/---
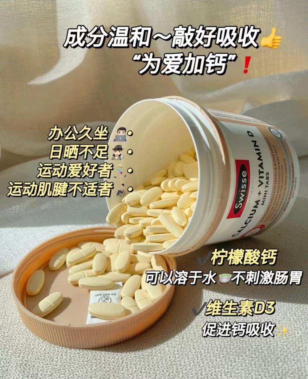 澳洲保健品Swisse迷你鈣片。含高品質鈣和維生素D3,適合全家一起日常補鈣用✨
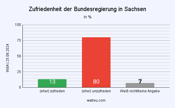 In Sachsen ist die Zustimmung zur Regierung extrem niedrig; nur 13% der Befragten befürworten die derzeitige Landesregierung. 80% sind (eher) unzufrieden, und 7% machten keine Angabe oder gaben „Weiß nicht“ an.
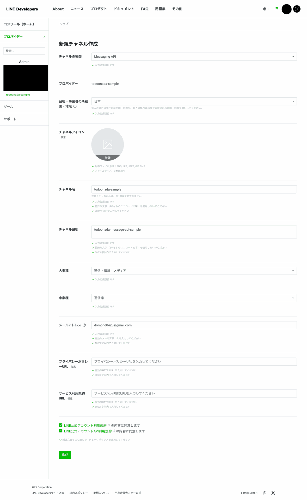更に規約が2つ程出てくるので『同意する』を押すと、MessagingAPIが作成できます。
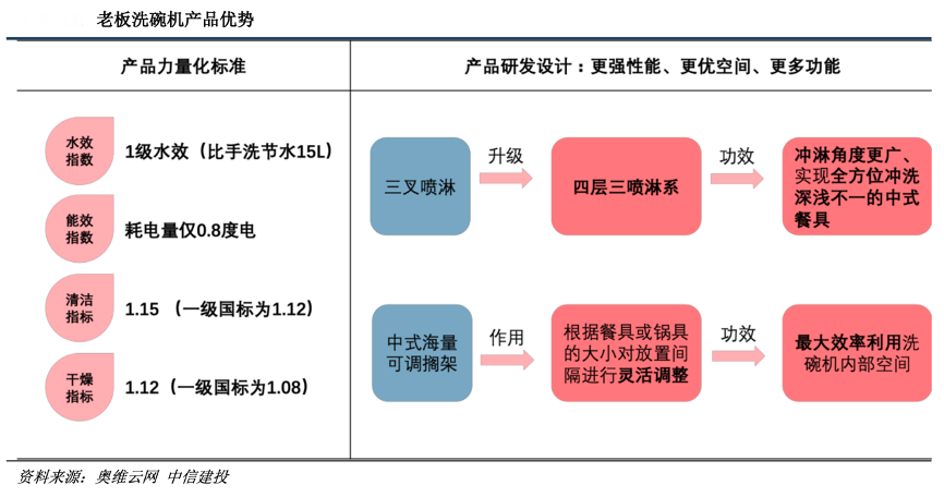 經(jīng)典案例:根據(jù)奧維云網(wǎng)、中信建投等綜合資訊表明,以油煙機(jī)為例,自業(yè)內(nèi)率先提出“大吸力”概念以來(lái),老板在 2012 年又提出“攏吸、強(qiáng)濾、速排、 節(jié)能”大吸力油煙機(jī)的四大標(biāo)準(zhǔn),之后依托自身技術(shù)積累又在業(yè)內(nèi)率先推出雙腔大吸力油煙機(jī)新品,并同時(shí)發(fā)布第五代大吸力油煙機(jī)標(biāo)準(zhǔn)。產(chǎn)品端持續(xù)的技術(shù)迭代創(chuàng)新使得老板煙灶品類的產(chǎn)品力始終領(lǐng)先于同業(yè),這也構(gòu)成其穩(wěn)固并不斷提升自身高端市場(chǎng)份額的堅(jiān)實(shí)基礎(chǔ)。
\---
» **DIRECTIONS FOR THIS TASK**
Copy all the material above exactly, but skip each image.

» **EXERCISE RESULT**
 澳洲保健品Swisse迷你鈣片。含高品質鈣和維生素D3,適合全家一起日常補鈣用✨
 In Sachsen ist die Zustimmung zur Regierung extrem niedrig; nur 13% der Befragten befürworten die derzeitige Landesregierung. 80% sind (eher) unzufrieden, und 7% machten keine Angabe oder gaben „Weiß nicht“ an.
更に規約が2つ程出てくるので『同意する』を押すと、MessagingAPIが作成できます。
 經(jīng)典案例:根據(jù)奧維云網(wǎng)、中信建投等綜合資訊表明,以油煙機(jī)為例,自業(yè)內(nèi)率先提出“大吸力”概念以來(lái),老板在 2012 年又提出“攏吸、強(qiáng)濾、速排、 節(jié)能”大吸力油煙機(jī)的四大標(biāo)準(zhǔn),之后依托自身技術(shù)積累又在業(yè)內(nèi)率先推出雙腔大吸力油煙機(jī)新品,并同時(shí)發(fā)布第五代大吸力油煙機(jī)標(biāo)準(zhǔn)。產(chǎn)品端持續(xù)的技術(shù)迭代創(chuàng)新使得老板煙灶品類的產(chǎn)品力始終領(lǐng)先于同業(yè),這也構(gòu)成其穩(wěn)固并不斷提升自身高端市場(chǎng)份額的堅(jiān)實(shí)基礎(chǔ)。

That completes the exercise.